COLLECTED DATA START

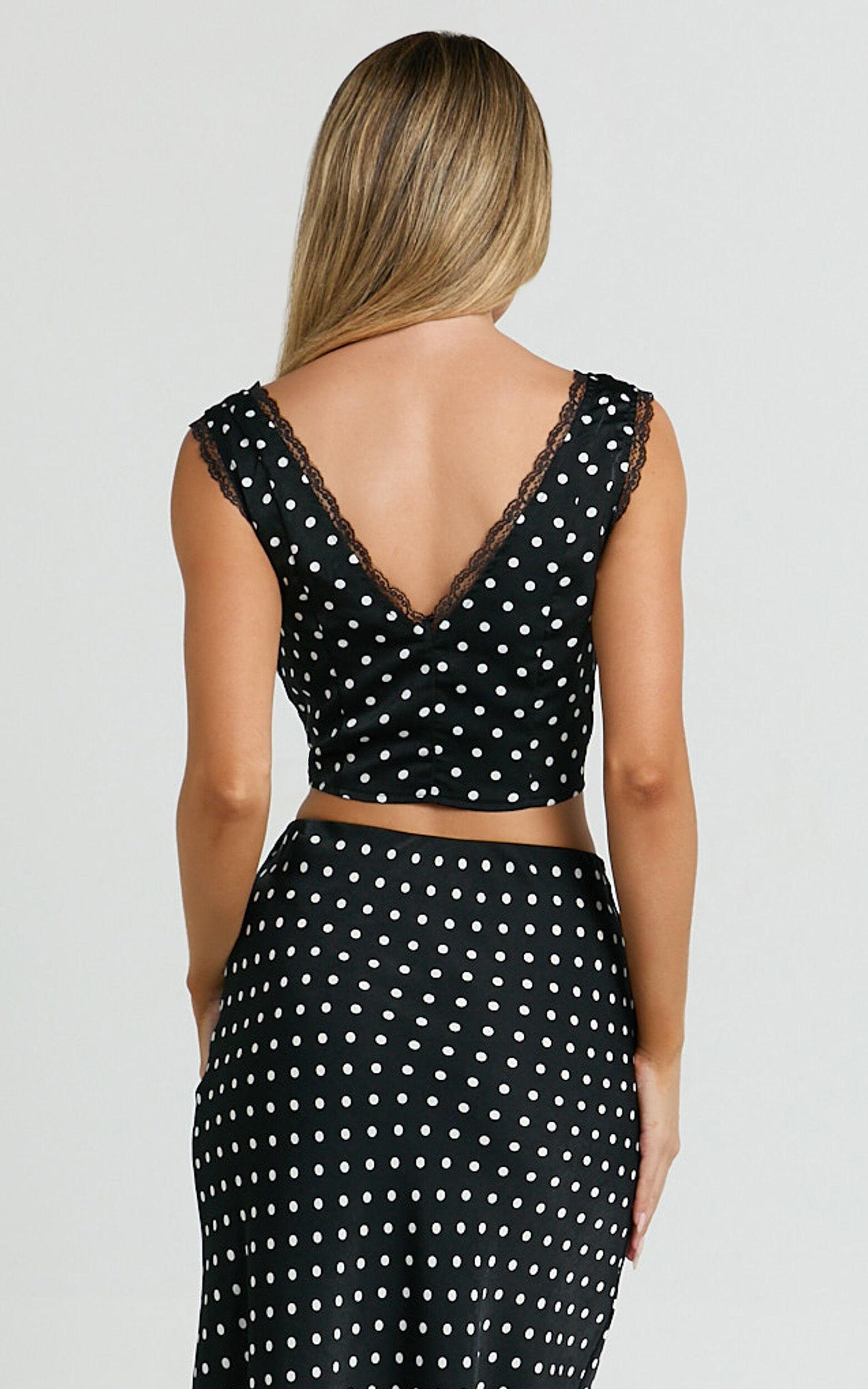 Transform your look with the Amari Top – V Neck Lace Trim Polka Dot Top in Black. This must-have women’s top is all about effortless chic, perfect for your everyday casual vibe or amping up your weekend plans. Made from mid-weight woven polyester, it feels soft yet structured for all-day comfort. The standout V neck, flattering sleeveless design, and delicate lace trim create an instantly elevated look, whether you dress it up with tailored pants or keep it chill in classic denim.Product Details:Sleeveless design V neckline Mid weight woven Polyester fabric Standard length Perfect for casualSize and FitSize S / 8 length: 41cm / 16.14inMaterial and Care100% PolyesterNo Stretch
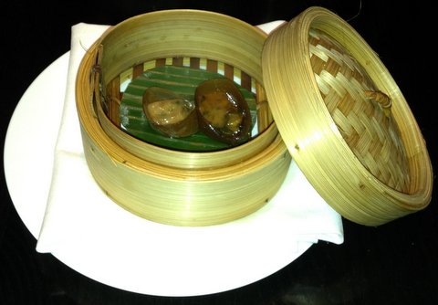 The amuse bouche are travel themed: Hong Kong, Venice, Chicago, and Moscow. The first is dim sum of scampi: both the filling and the wrapper are made from scampi. Very tasty!
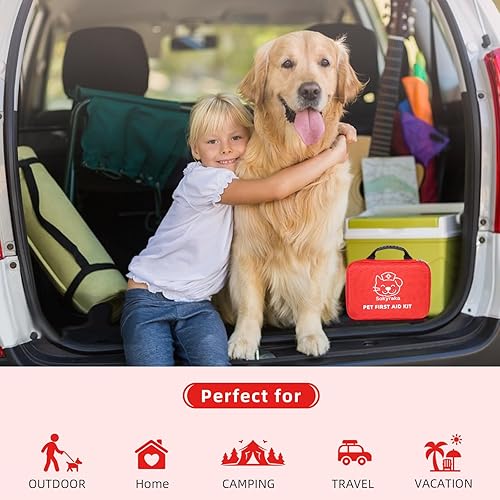 WATER-RESISTANT DURABLE BAG – Tough, water-resistant nylon case helps protect your pet’s first aid supplies from rain, mud, spills and rough outdoor use. Bright emergency red bag is easy to spot fast in your car or backpack

COLLECTED DATA END

WHAT THE TASK REQUIRES - Would you restate the listing word for word without its pictures?

EXERCISE SOLUTION -
 Transform your look with the Amari Top – V Neck Lace Trim Polka Dot Top in Black. This must-have women’s top is all about effortless chic, perfect for your everyday casual vibe or amping up your weekend plans. Made from mid-weight woven polyester, it feels soft yet structured for all-day comfort. The standout V neck, flattering sleeveless design, and delicate lace trim create an instantly elevated look, whether you dress it up with tailored pants or keep it chill in classic denim.Product Details:Sleeveless design V neckline Mid weight woven Polyester fabric Standard length Perfect for casualSize and FitSize S / 8 length: 41cm / 16.14inMaterial and Care100% PolyesterNo Stretch
 The amuse bouche are travel themed: Hong Kong, Venice, Chicago, and Moscow. The first is dim sum of scampi: both the filling and the wrapper are made from scampi. Very tasty!
 WATER-RESISTANT DURABLE BAG – Tough, water-resistant nylon case helps protect your pet’s first aid supplies from rain, mud, spills and rough outdoor use. Bright emergency red bag is easy to spot fast in your car or backpack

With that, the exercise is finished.